Court Affirms Rights Of Learning-Disabled

A landmark court ruling affirming the rights of learning-disabled students to receive special accommodations, such as more time to take exams, sends a strong warning signal to America's colleges and universities.

In fining Boston University $30,000, a federal judge ruled over the weekend that the school violated the law when it toughened its rules governing students diagnosed with learning difficulties.

The decision comes as more schools are struggling over how to serve such students without compromising academic standards. This ruling, the first to define specifically how far schools must go in their efforts, may spur even more student lawsuits.

"All those people hoping that the BU decision was going to be purely in the favor of the institution, so that they could start rolling back some of things they have been providing to students, are now going to rethink their position," says Salome Heyward of Heyward Lawton & Associates in Cambridge, Mass., which advises universities and businesses on complying with disability law.

Under the 1990 Americans With Disabilities Act (ADA), colleges must provide "reasonable accommodations" for students with disabilities - including those with learning difficulties.

In the BU case, 10 learning-disabled students sued the school in July 1996, after the private university revised its rules on accommodating them. The new rules required students with learning disabilities to be retested every three years by a certified psychologist or physician, not a learning specialist, to qualify for special accommodations granted to such students. They also ended BU's earlier policy of allowing the students to substitute other courses for foreign-language and math requirements.

Number of learning-disabled students on the rise

Former provost and current BU president Jon Westling, who ordered the changes during the 1995-96 school year, has said the new policies were designed to curb abuses in the diagnoses of learning-disabled students.

In recent years, the number of such students entering college has been rising. In 1991, 2 percent of college freshmen identified themselves as learning-disabled; the number jumped to 3 percent by 1994, says the American Council on Education in Washington.

After the BU students filed suit, the university modified its rules again. It now allows students to waive the three-year retesting requirement - a policy the court found to be lawful.

But other key provisions of BU's policies violated federal disabilities law, US district Judge Patti Saris decided. She awarded six students punitive damages and ordered BU to make other two other changes.

* The university must stop requiring retesting for students who were by evaluated by trained professionals with master's degrees and sufficient experience.

* The school must reevaluate its no-exemption policy for the foreign-language requirement. (The school, she found, could refuse to let students substitute other courses for math.)

Judge finds bias was a motivator

While the ruling was not a complete repudiation of BU's reforms, Judge Saris said some of BU's policy changes were driven by bias against learning-disabled students. She cited how Mr. Westling had created a fictional character known as Somnolent Samantha, a learning-disabled freshman who needed extra help because she fell asleep in class.

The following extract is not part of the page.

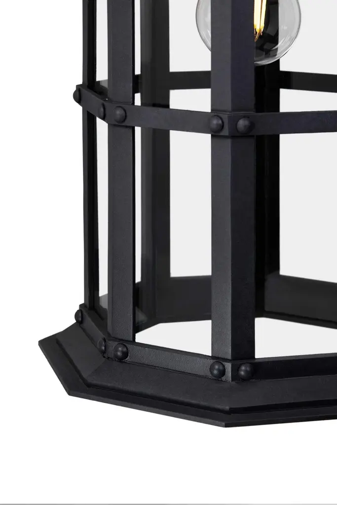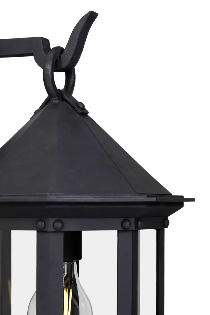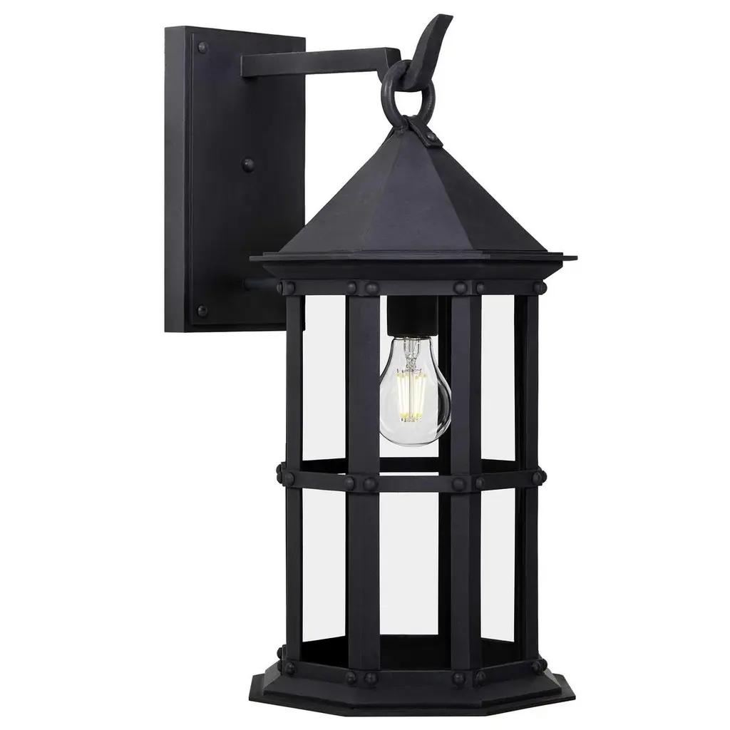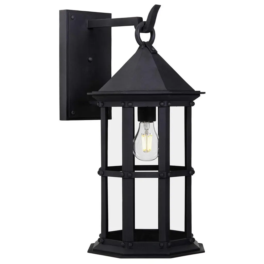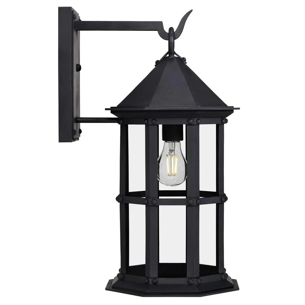 Referencing the historic Arlington Theater in downtown Santa Barbara, California this lantern echoes the Mission Revival style in which the theater was designed. With an eight sided profile, low-pitched lid and solid cage, this lantern conveys subtle strength and security.Backplate Dimensions (inches): 5W x 9HLantern shown in SBLC Grey Finish with SBLC Clear Glass. Hand-forged in heavy gauge wrought iron. All lanterns go through a metalizing process, a protective zinc layer added to ensure protection and durability against corrosion and harsh weather conditions.All lights are handmade and made to order. Dimensions may vary slightly.All lights ship with 5w LED Edison dimmable filament bulb.This lantern will ship within 8-10 weeks. Larger orders may have longer lead times. As with any handcrafted product, slight discrepancies are inherent in the art of forged iron, and even considered desirable as they indicate our old-world craftsmanship. Natural variations in tone, texture, and color may occur as our finishes are hand painted.
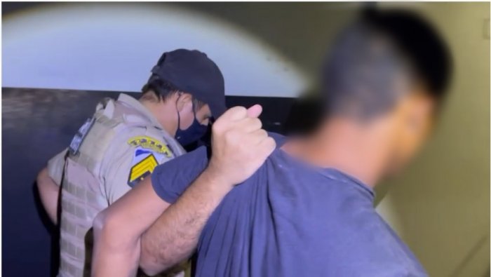 Militares fizeram buscas e encontraram o suspeito na casa onde mora. Ele foi encaminhado para uma delegacia de Polícia Civil.

The judge wrote that Westling and his staff were motivated by "uninformed stereotypes ... that many students with learning disabilities ... are lazy fakers, and that many evaluators are 'snake oil salesmen' who overdiagnose the disability."

The ruling will likely spur universities nationwide to reevaluate their policies. "If we make [learning-disabled students] jump through red tape, we'd better be ready to justify why those hurdles are there," says Carol DeSouza, ADA compliance officer at the University of Massachusetts, Boston.